Constance Miles was a housewife living in Shere, a village near Guildford in Surrey, during WWII. She was a writer who came from a literary family. Her father was William Robertson Nicoll, founder of the periodicals The Bookman & British Weekly. Constance was in her late 50s when the War began. Married to Elystan Miles, known as Robin, in 1909, they had two sons, Harry & Basil. Robin served in the Royal Artillery during WWI &, after he resigned his commission, they owned a chicken farm in the 20s. Robin loved an outdoor life & one of the themes of Connie’s diary is Robin building an air raid shelter or pottering about, gardening & fixing things. They moved to Shere in 1928 & bought a large house which they divided in two, living upstairs & letting the lower floor to tenants. Connie’s writing was always important to her, whether it was the reviews & articles she wrote to supplement Robin’s army pension or the diary she began to keep in August 1939. The diary stops briefly in April 1941 as paper rationing had began & Connie seems to have become discouraged by the progress of the war.

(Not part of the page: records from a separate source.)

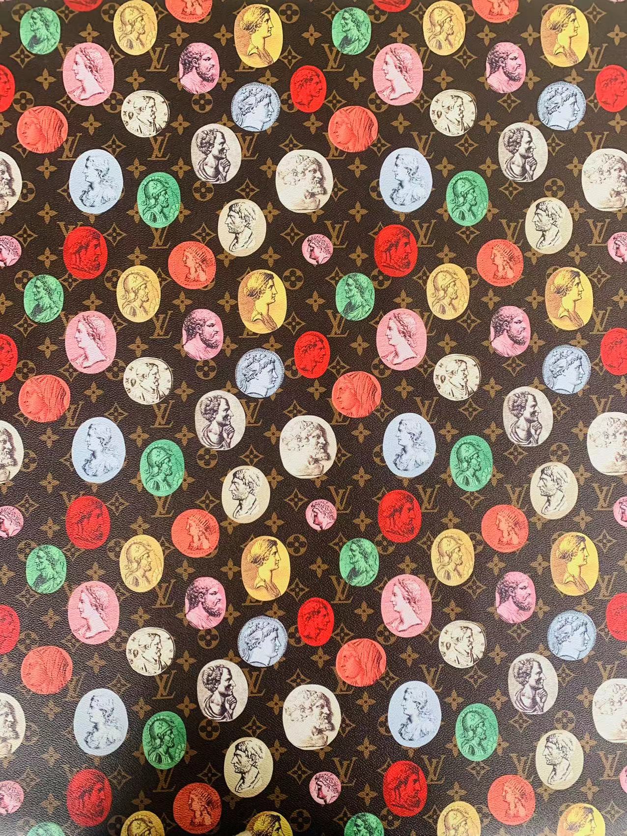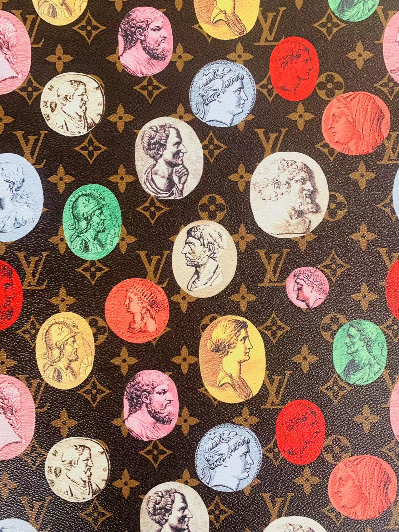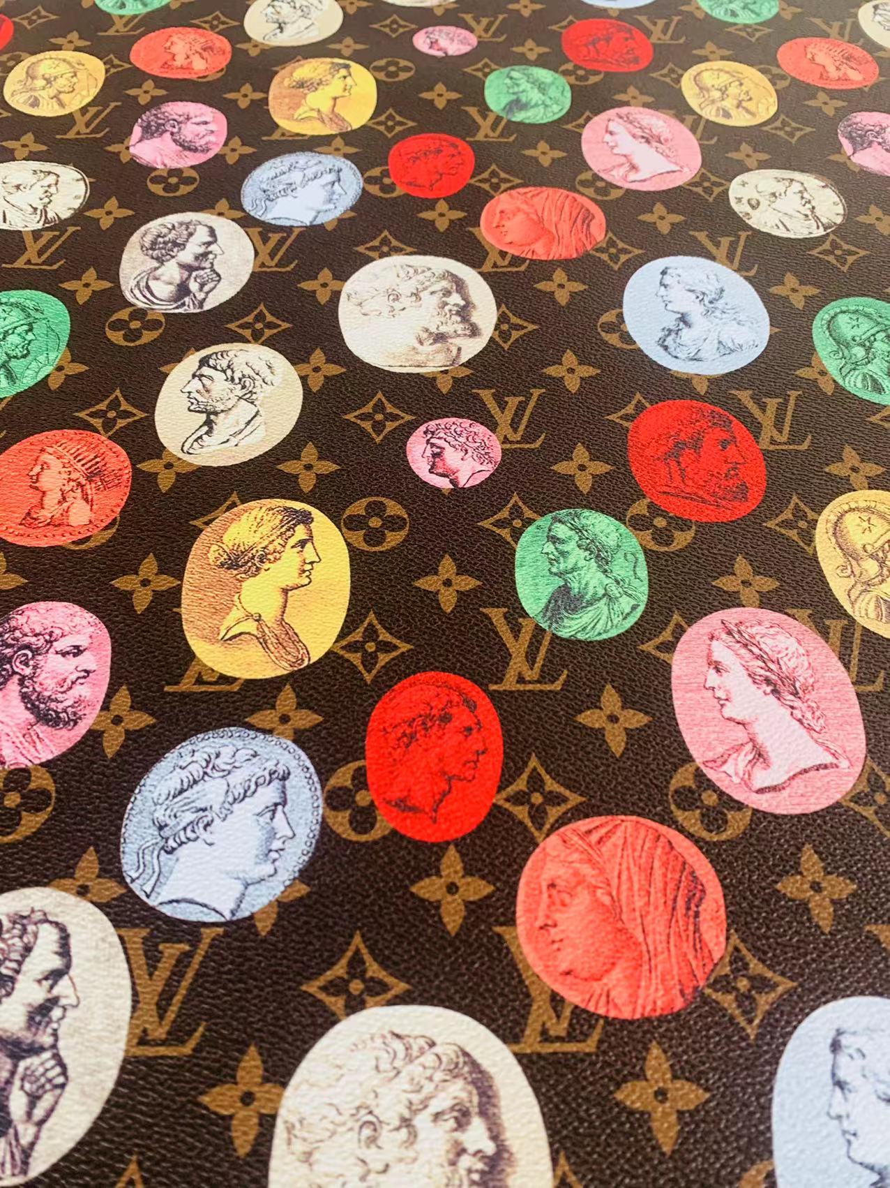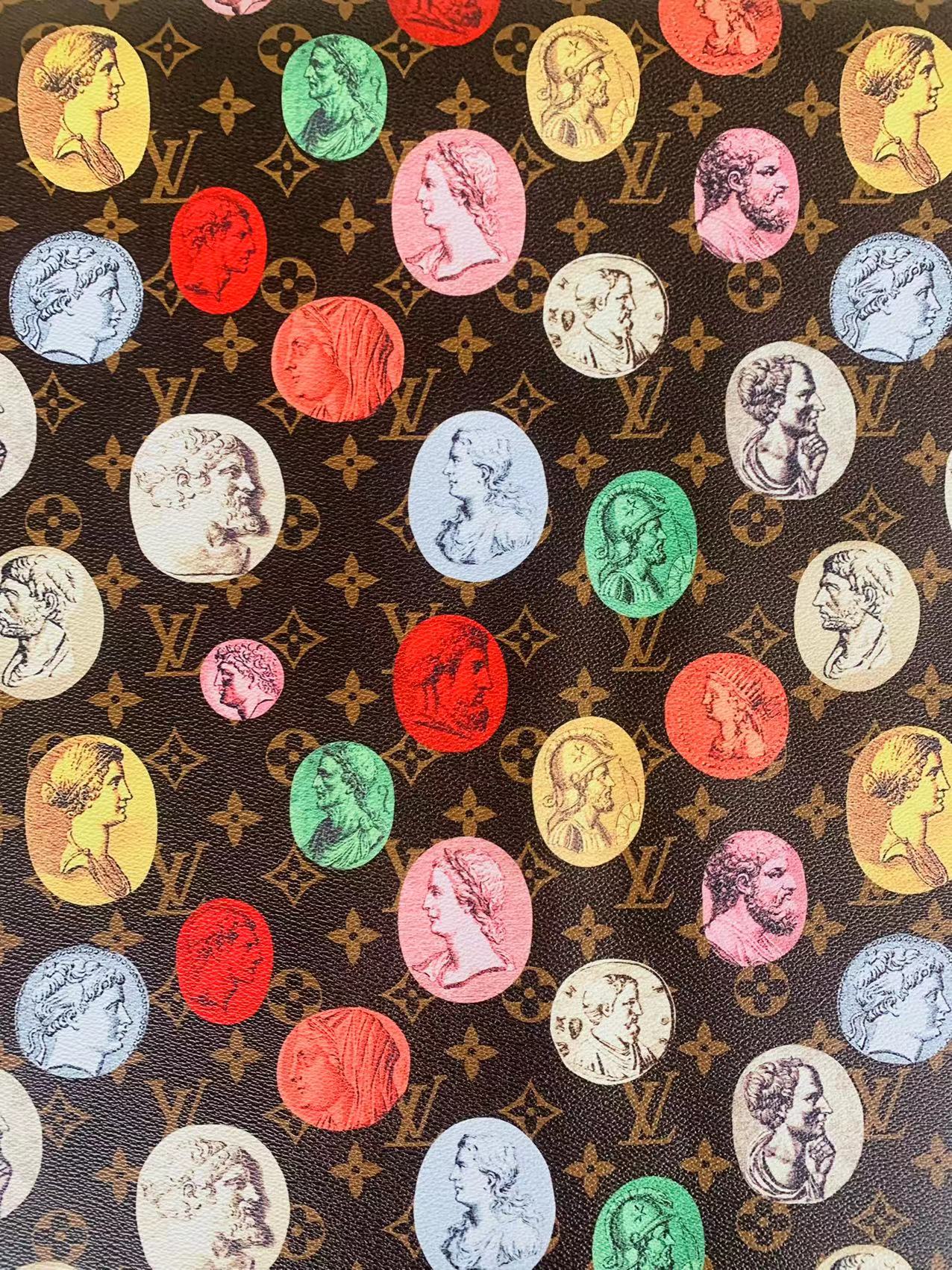 CLASSIC LV With Character Leather Case Fabric, Handmade Bag Fabric, Handmade Shoes Fabric BY YARD
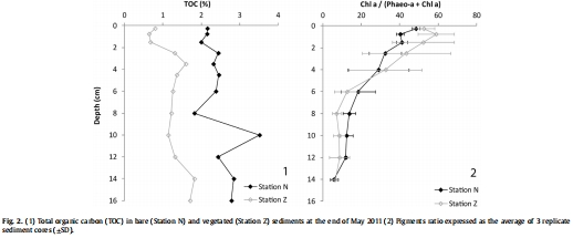 數據:Fig.2顯示有植被站點TOC較低但更均勻;Fig.3顯示夏季pH降低(最低6.2),氧滲透淺(1.8-2.1 mm)。
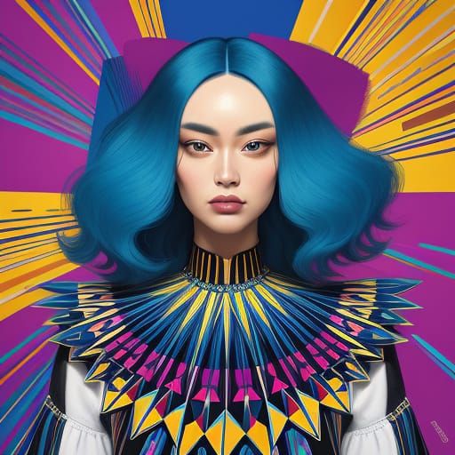 A symmetrical screen print featuring a woman with blue hair and dogs in jeweled collars against a Bauhaus geometric background. Rendered in triadic colors with splash screen art elements.
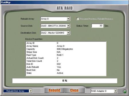 The following screen will appear if you choose to monitor the whole rebuild process.
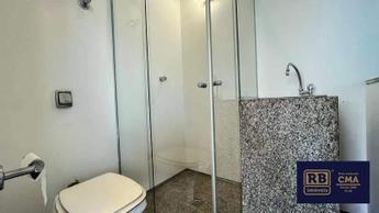 Banho social com box em blindex, armários e espelhos
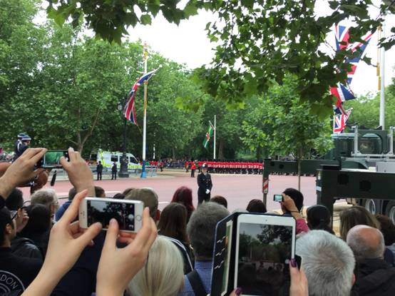 當(dāng)女王和親王的馬車駛過來之前,人群的歡呼聲、相機(jī)的快門聲也此起彼伏。我遠(yuǎn)遠(yuǎn)看到了戴著淡粉色帽子的女王和熊皮帽的菲利普親王。而比我勤勞、一早扛著單反搶到好位置的小伙伴,拍下了女王陛下向人群揮手致意的瞬間。
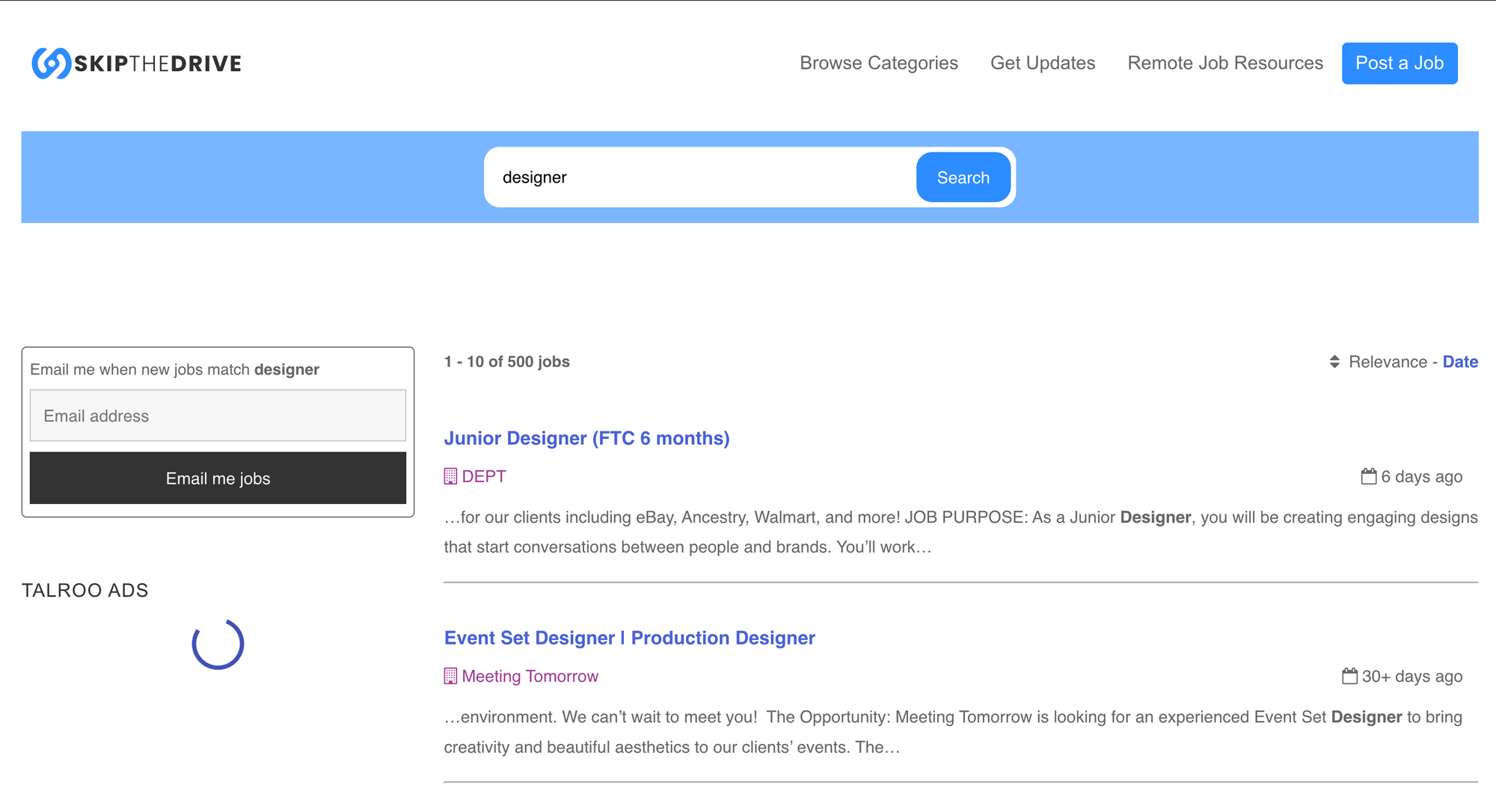 Skipthedrive ще один ресурс для пошуку віддаленої роботи. Платформа дозволяє створити профіль, додати резюме та отримувати сповіщення про нові вакансії.
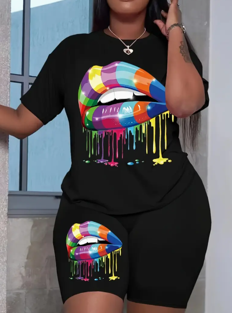 Women'S Two-Piece Set Featuring A Stylish Printed T-Shirt And Casual Shorts

Not too much to eat; our income tax about to drain our pockets; life docked of happy travel and happy meetings, the necessary machinery of a million households cracking. Girls of twenty conscripted – what a chaotic business; its humorous side apparent to every woman, and to no man.
The diary resumes, however, eight months later & continues through to 1943. Connie donated a copy of her diary to the Imperial War Museum in 1947 and in the letter that accompanies the donation she writes, “May it be of use some day!”. In recent years there has been several diaries written by “ordinary” women published or reprinted. Best known are the diaries of Nella Last which were written for the Mass Observation organization. My favourite would be Vere Hodgson’s Few Eggs and No Oranges, reprinted some years ago by Persephone. Vere is so bubbly & unflappable. She worked as a social worker in Notting Hill & kept her spirits high during the Blitz even while walking past piles or rubble from the last raid after yet another sleepless night.
Connie Miles lived an ordinary life and that’s the value of her diary. It begins in the period of the phoney war, when nothing really seemed to be happening. Mothers & children were being evacuated from London for fear of raids & Connie describes the arrival of the evacuees & the fear that their downstairs flat would be commandeered for the newcomers. Later on, it’s the ARP who threaten to take it over. There is lots of information here about the effects of the war on a small community. Rationing was naturally a huge concern & what was available & how to get hold of it was a constant source of speculation.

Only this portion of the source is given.